山の草とか花とか虫とか-パンスターズ彗星1

この彗星は、パンスターズ彗星(C/2011 L4)と名の付いた彗星です。
2011年6月6日に発見され、それからだんだんと太陽に近づいて、3月10に最も太陽に近づいた後は、だんだんとまた太陽系のはるか外側に離れていくそうです。その軌道は放物線となっているようで、二度と太陽近くに帰ってくることはないそうです。
山の草とか花とか虫とか-パンスターズ彗星2

だんだんと西に、朝日連峰の稜線に近づき、雲の中へ。
このあと18時40分にはすっかり見えなくなりました。彗星を確認できたのはほんの数分のことでした。
山の草とか花とか虫とか-パンスターズ彗星 西に帰る

この彗星は、これからだんだん暗くなっていくものの、朝夕どちらにも見えるようになって行き、4月下旬には一晩中見られるようになるそうです。
また、尾の様子は、これからも大きく変化する可能性があり、これからもしばらくは気が抜けません。

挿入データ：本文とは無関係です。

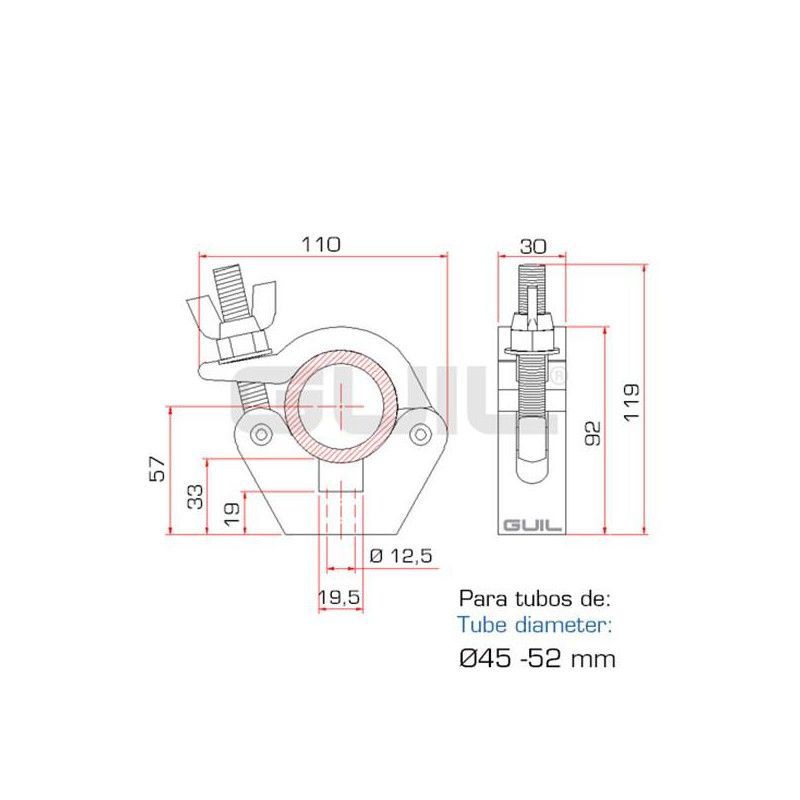 A garra é fornecida com uma braçadeira de alumínio (ref. ABZ-29) para uma fixação segura de tubos ou treliças com um diâmetro externo de 45 mm a 52 mm.

まだ冬の気配の抜けない季節なので、観察の条件がよろしくなく、だめかもしれないなと思っていただけにちょっと興奮してしまうほどうれしい出会いでした。
寒いのも忘れて、その後に撮った冬の大三角。
山の草とか花とか虫とか-冬の大三角

空模様もなるようにしかならないものですが、たまに微笑んでくださいますね。
もう二年目になります。早いのか、遅いのかわかりませんが、それ以前とはちょっと違った密度の日々を暮らしているのだろうという感じがしています。
山の草とか花とか虫とか-時計

岩手、宮城、福島はじめ太平洋沿岸部のこと、その後のことが、いろんな媒体で再び伝えられています。

ガラスが割れたり、道路がゆがんだり、建物がいくらか潰れたりはしましたけれど、山形は直接なにかが壊れたりしたのは割合に少なかったのです。
その後に観光分野や農業分野で影響は大きくありましたけれど。

揺れてすぐに出先から戻り、ちょっと時間をもらって近所のじいさま、ばあさまの様子を見に帰った覚えがあります。この年も割合に雪が多く、最初に気になったのは道路が雪崩で通れなくなっているところはあるまいか?ということもありました。
停電だったためにテレビもネットも見られず、携帯電話のちいさなテレビをみんなで集まって見たり(電池が無くなってあまり見られなかった)、ラジオで聞いたりしただけでした。携帯電話のアンテナも電気供給が無いためか、不通になったままでした。津波によりたいへんなことになったのを詳しく知ったのは翌日の電気が復旧した後でした。
山の草とか花とか虫とか-壊れたガラス
上の写真は、当日でなく後日に撮ったものでした。
当日の写真は、一枚もありません。その後数日間もほとんど撮っていません。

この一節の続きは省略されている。